══ Listed entries
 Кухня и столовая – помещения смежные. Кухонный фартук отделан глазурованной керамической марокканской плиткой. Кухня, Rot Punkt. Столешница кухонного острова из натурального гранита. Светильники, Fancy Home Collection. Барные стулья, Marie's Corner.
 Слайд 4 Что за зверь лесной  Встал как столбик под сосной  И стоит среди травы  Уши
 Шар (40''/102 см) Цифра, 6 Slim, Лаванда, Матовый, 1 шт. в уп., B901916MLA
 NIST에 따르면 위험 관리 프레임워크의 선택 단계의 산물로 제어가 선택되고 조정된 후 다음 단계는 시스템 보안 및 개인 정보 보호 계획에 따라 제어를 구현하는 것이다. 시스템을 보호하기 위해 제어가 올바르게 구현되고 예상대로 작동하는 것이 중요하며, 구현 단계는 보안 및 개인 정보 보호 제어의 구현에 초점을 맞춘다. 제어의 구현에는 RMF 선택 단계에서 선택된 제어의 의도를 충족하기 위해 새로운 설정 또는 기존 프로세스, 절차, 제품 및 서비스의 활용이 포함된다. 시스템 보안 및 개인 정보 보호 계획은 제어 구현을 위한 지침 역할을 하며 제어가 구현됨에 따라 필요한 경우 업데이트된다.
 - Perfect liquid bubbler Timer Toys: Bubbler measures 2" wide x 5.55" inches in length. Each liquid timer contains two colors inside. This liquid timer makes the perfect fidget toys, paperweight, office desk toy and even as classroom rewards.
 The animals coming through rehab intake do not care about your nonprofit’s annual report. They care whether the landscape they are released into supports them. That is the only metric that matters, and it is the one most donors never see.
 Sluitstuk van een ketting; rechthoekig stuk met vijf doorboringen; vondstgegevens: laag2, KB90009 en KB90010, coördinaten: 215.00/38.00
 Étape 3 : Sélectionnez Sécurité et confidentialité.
════
══ Listed entries
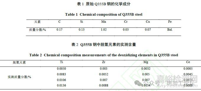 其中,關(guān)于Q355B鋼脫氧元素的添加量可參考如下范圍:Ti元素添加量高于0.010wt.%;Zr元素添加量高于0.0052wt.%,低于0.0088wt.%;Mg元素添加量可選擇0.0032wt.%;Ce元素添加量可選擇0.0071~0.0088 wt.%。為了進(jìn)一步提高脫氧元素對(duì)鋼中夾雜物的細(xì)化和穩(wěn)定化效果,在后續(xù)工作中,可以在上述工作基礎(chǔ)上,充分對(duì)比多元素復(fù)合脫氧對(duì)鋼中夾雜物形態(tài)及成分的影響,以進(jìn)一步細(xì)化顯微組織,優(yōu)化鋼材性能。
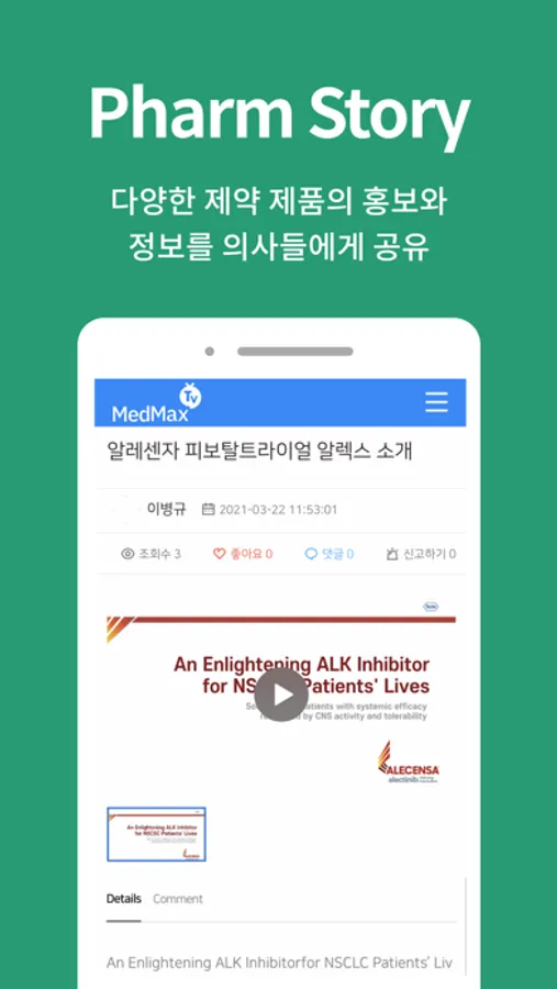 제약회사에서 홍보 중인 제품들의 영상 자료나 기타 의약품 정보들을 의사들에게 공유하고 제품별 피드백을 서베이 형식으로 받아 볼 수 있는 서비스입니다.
════
### Exercise:
Retype only the stretch of lines above starting at the one with "Кухня и столовая" and stopping at the one with "Étape 3 : Sélectionnez", exactly as written, with both kept.

### Answer for this exercise:
 Кухня и столовая – помещения смежные. Кухонный фартук отделан глазурованной керамической марокканской плиткой. Кухня, Rot Punkt. Столешница кухонного острова из натурального гранита. Светильники, Fancy Home Collection. Барные стулья, Marie's Corner.
 Слайд 4 Что за зверь лесной  Встал как столбик под сосной  И стоит среди травы  Уши
 Шар (40''/102 см) Цифра, 6 Slim, Лаванда, Матовый, 1 шт. в уп., B901916MLA
 NIST에 따르면 위험 관리 프레임워크의 선택 단계의 산물로 제어가 선택되고 조정된 후 다음 단계는 시스템 보안 및 개인 정보 보호 계획에 따라 제어를 구현하는 것이다. 시스템을 보호하기 위해 제어가 올바르게 구현되고 예상대로 작동하는 것이 중요하며, 구현 단계는 보안 및 개인 정보 보호 제어의 구현에 초점을 맞춘다. 제어의 구현에는 RMF 선택 단계에서 선택된 제어의 의도를 충족하기 위해 새로운 설정 또는 기존 프로세스, 절차, 제품 및 서비스의 활용이 포함된다. 시스템 보안 및 개인 정보 보호 계획은 제어 구현을 위한 지침 역할을 하며 제어가 구현됨에 따라 필요한 경우 업데이트된다.
 - Perfect liquid bubbler Timer Toys: Bubbler measures 2" wide x 5.55" inches in length. Each liquid timer contains two colors inside. This liquid timer makes the perfect fidget toys, paperweight, office desk toy and even as classroom rewards.
 The animals coming through rehab intake do not care about your nonprofit’s annual report. They care whether the landscape they are released into supports them. That is the only metric that matters, and it is the one most donors never see.
 Sluitstuk van een ketting; rechthoekig stuk met vijf doorboringen; vondstgegevens: laag2, KB90009 en KB90010, coördinaten: 215.00/38.00
 Étape 3 : Sélectionnez Sécurité et confidentialité.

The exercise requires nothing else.